-- What you will do --
Transcribe exactly, and without pictures, the lines from the one that contains "- Remove the" through the last line of the material.

[Opening Data section section]

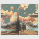 Papel De Presente Surreal UFO Above Mountain Lake with Planets
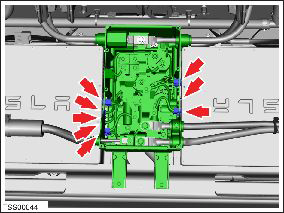 - Remove the bolts (x4) that secure the HV junction box (torque 5 Nm).
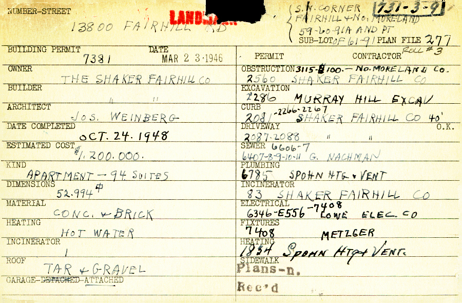 13800 Fairhill Road Shaker Heights, OH 44120 PARCEL ID: 731-03-009 Building Permit Date: 03-23-1946 Plan File Number: 277 all scanned Microfilm Roll: Roll003 Neighborhood: Boulevard Owner: The Shaker Fairhill Company Builder: The Shaker Fairhill Company Architect: Weinberg, Joseph Estimated Cost: 1200000 Date Completed: 10-24-1948 Kind: Apartment or Multi-family (3+) Material: Concrete and Brick Heating: Hot Water Garage: attached Blueprints: online, see link above |
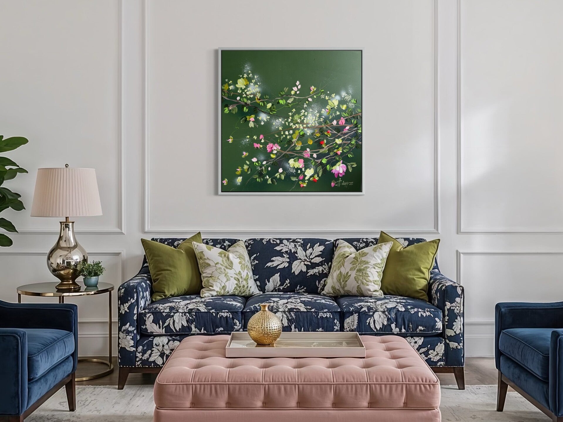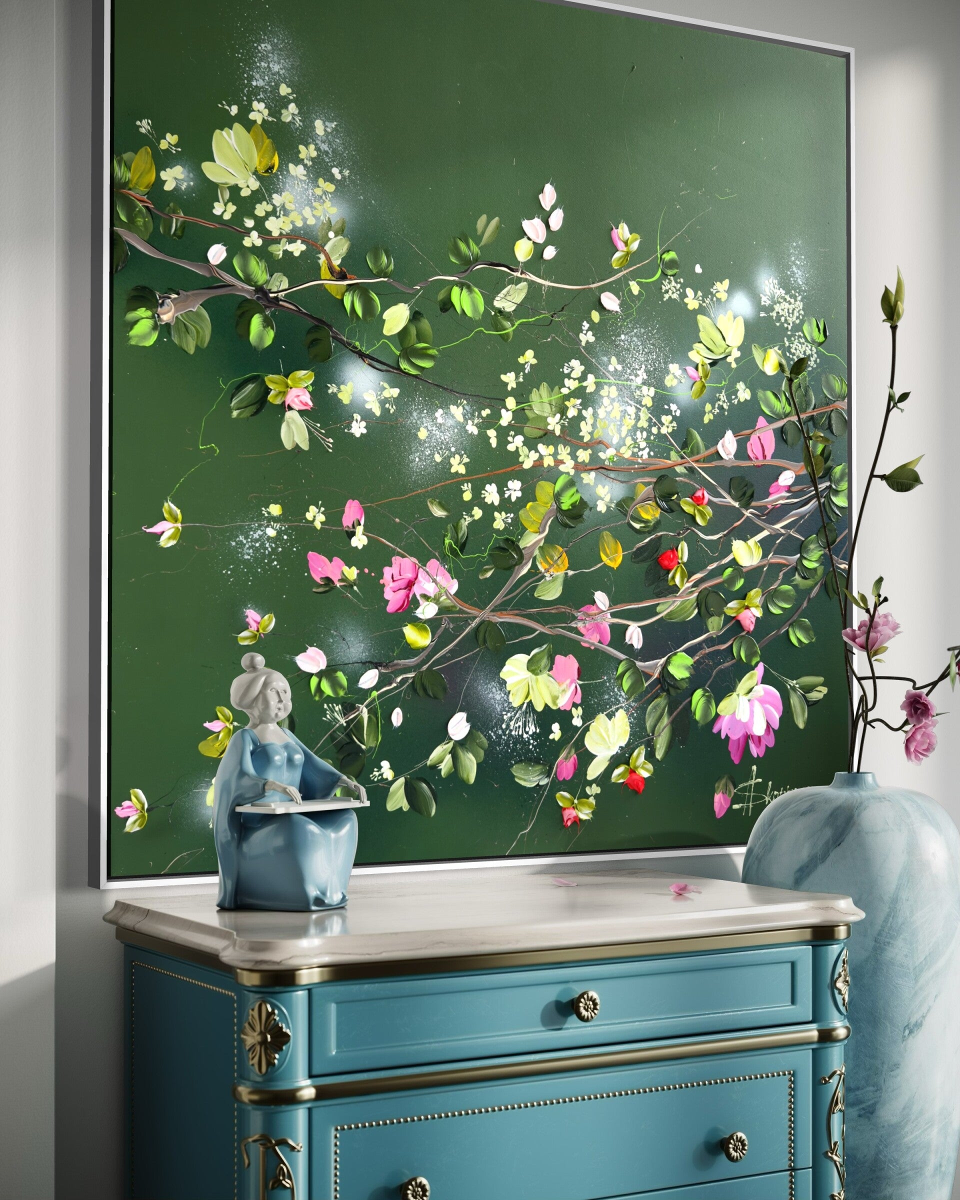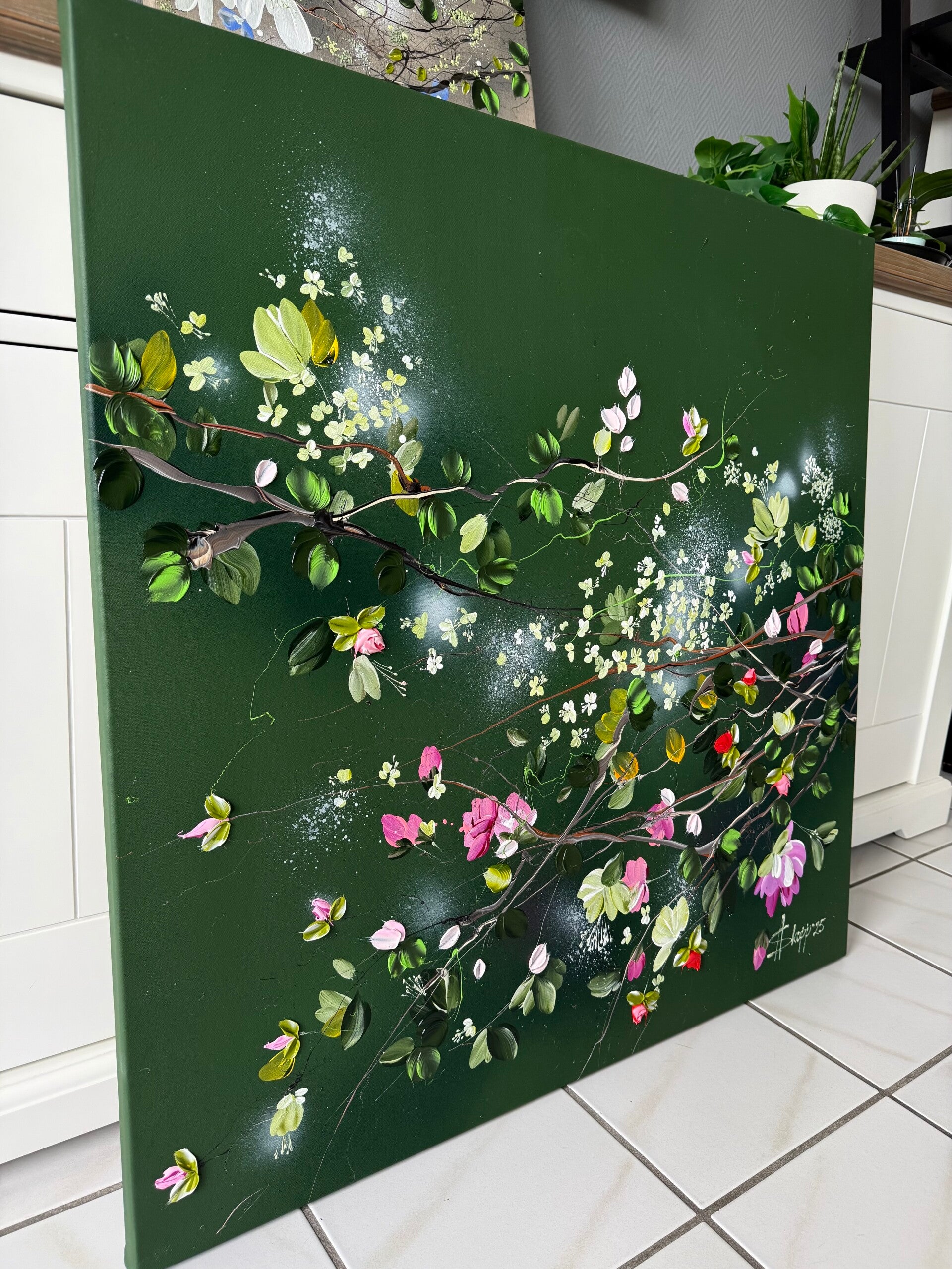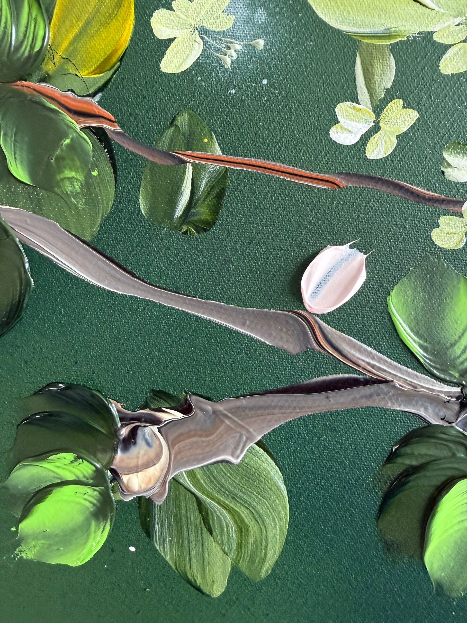 Whispers in Green II captures the quiet poetry of nature through a play of deep greens, soft whites, and blooming pinks. Against a rich forest-green background, fine branches stretch across the canvas, carrying delicate blossoms that seem to glow from within. The atmosphere evokes the stillness of a hidden garden, where every leaf and petal whispers of life and renewal.

[Closing Data section section]

-- Solved exercise --
 - Remove the bolts (x4) that secure the HV junction box (torque 5 Nm).
 13800 Fairhill Road Shaker Heights, OH 44120 PARCEL ID: 731-03-009 Building Permit Date: 03-23-1946 Plan File Number: 277 all scanned Microfilm Roll: Roll003 Neighborhood: Boulevard Owner: The Shaker Fairhill Company Builder: The Shaker Fairhill Company Architect: Weinberg, Joseph Estimated Cost: 1200000 Date Completed: 10-24-1948 Kind: Apartment or Multi-family (3+) Material: Concrete and Brick Heating: Hot Water Garage: attached Blueprints: online, see link above |
 Whispers in Green II captures the quiet poetry of nature through a play of deep greens, soft whites, and blooming pinks. Against a rich forest-green background, fine branches stretch across the canvas, carrying delicate blossoms that seem to glow from within. The atmosphere evokes the stillness of a hidden garden, where every leaf and petal whispers of life and renewal.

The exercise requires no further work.